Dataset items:
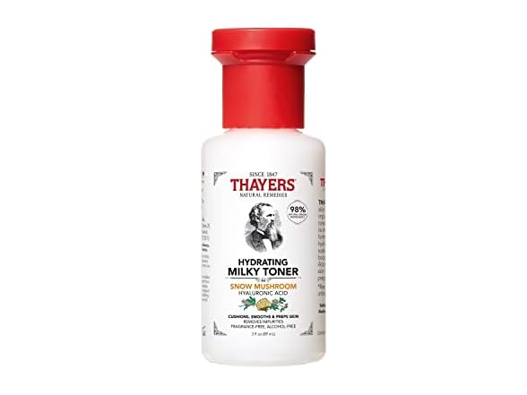 (1) THAYERS Milky Hydrating Face Toner with Snow Mushroom Tremella, Hyaluronic Acid and Elderflower, Dermatologist Recommended Gentle Alcohol Free Skincare for Dry & Sensitive Skin, Paraben Free, 3 Fl Oz
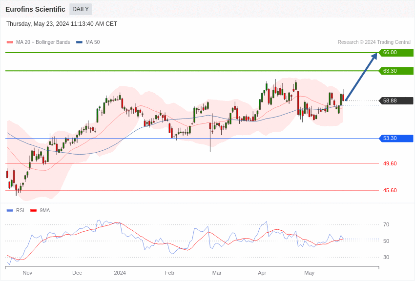 Si le titre se maintient au-dessus de ce support, il pourrait grimper à 63,30 euros, voire même 66 euros.
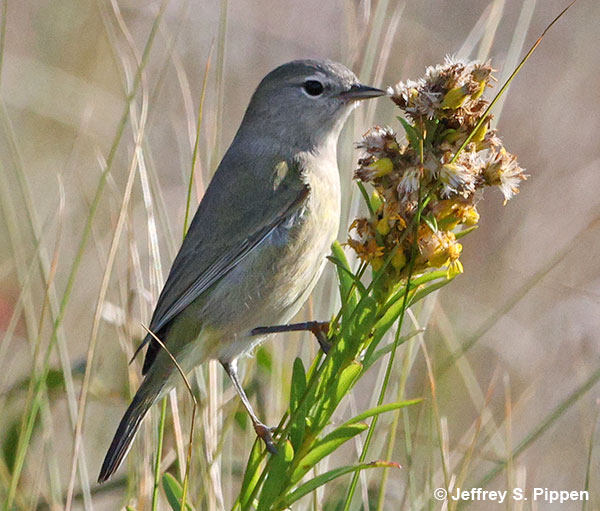 Orange-crowned Warblers (Oreothlypis celata) Pea Island NWR, Dare Co., NC 18 Oct 2025 Foraging in goldenrod flower/fruit clusters |
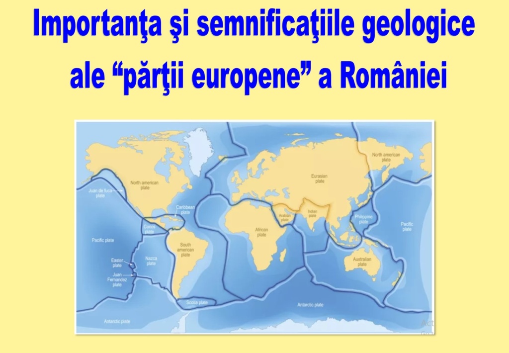 „Restul teritoriului românesc este de origine africană, adaugat în orogenezele: Caledoniană și Variscă (la ultima formându-se vestita Pangeea). În 2020, am avut de îndeplinit un contract cu o firmă de petrol pentru niște perimetre din Platforma Moesica și din zona Adjud. Asta m-a obligat sa studiez problema platformelor mai îndeaproape, inclusiv potențialul petrolifer. Cred că am destule lucruri interesante de transmis publicului.” (note de autor)
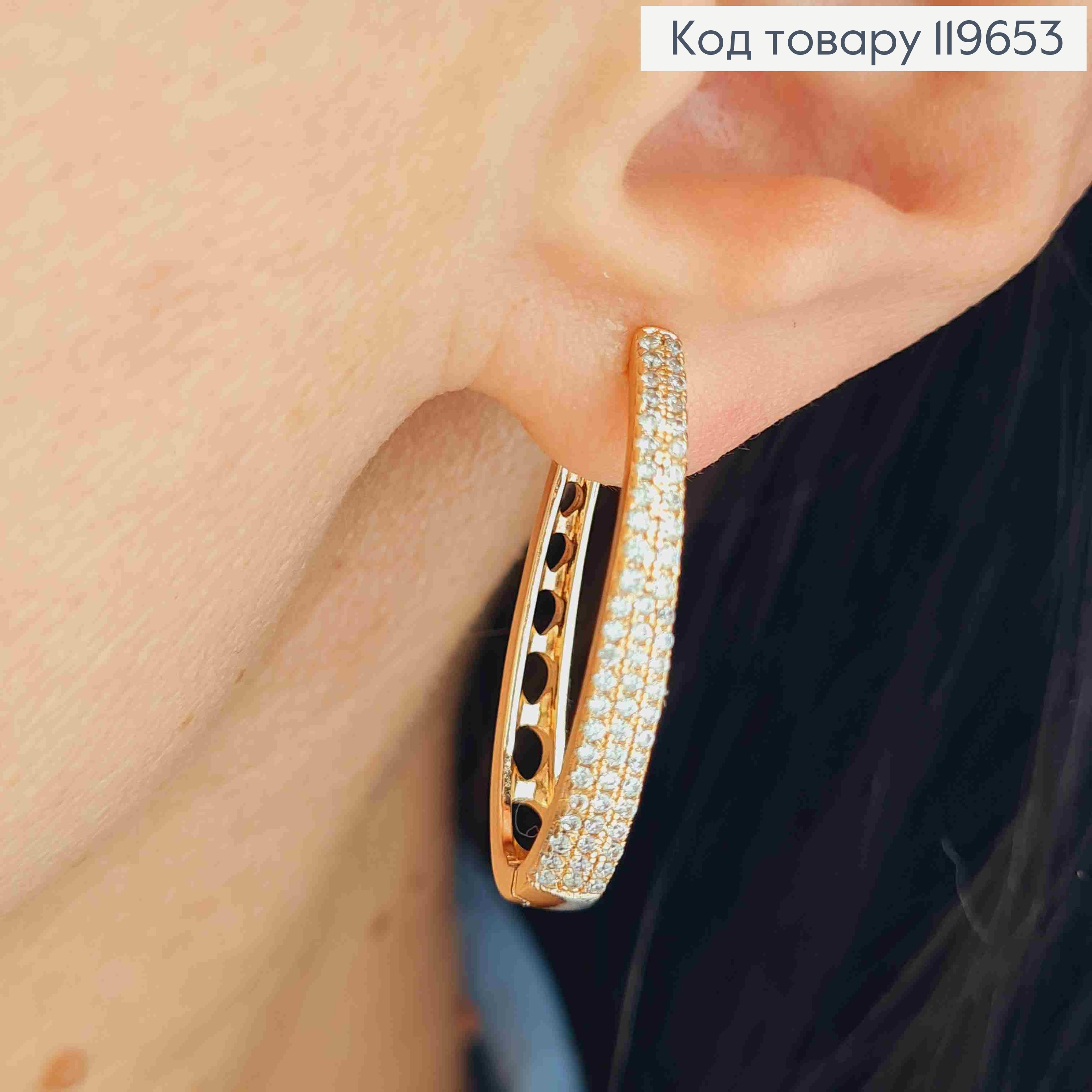 Серьги кольца "Овальные" украшены Блестящими камешками, ширина 7мм, длина 1,7см, Xuping 18К. 110198 фото
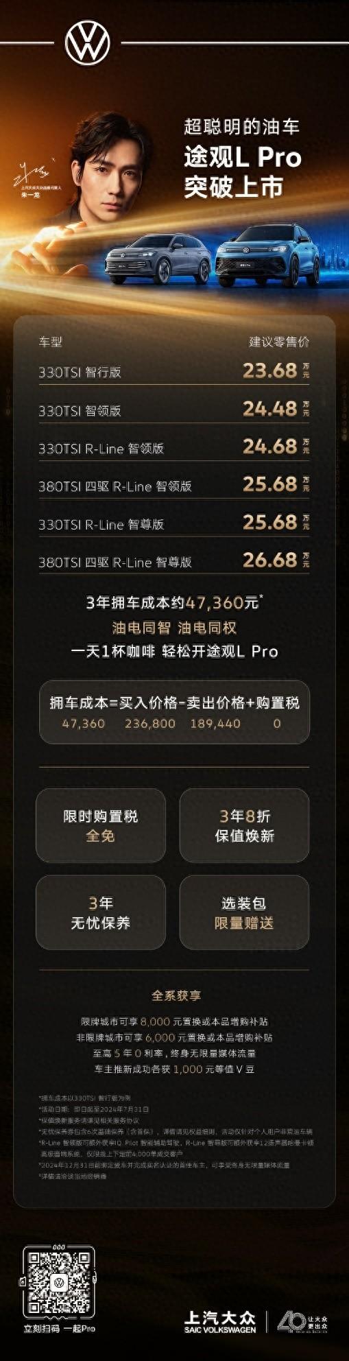 5月30日,“超聰明的油車”途觀L Pro在成都上市。本次上汽大眾開行業之先,“不卷價格、只上價值”,上市即響亮打出了“擁車成本”的概念。疊加給力的限時購置稅全免、3年8折保值煥新、3年無憂保養以及選裝包限量贈送等權益,途觀L Pro三年擁車成本僅需47,360元起,真正做到用車無憂,省上加省,打造性價比標桿中的標桿!

WHAT YOU ARE ASKED TO DO:
Pictures excluded, reproduce only the part above that opens with the line holding "Si le titre" and closes with the line holding "Orange-crowned Warblers (Oreothlypis", exactly as written.

SOLUTION FOR THIS EXERCISE:
 Si le titre se maintient au-dessus de ce support, il pourrait grimper à 63,30 euros, voire même 66 euros.
 Orange-crowned Warblers (Oreothlypis celata) Pea Island NWR, Dare Co., NC 18 Oct 2025 Foraging in goldenrod flower/fruit clusters |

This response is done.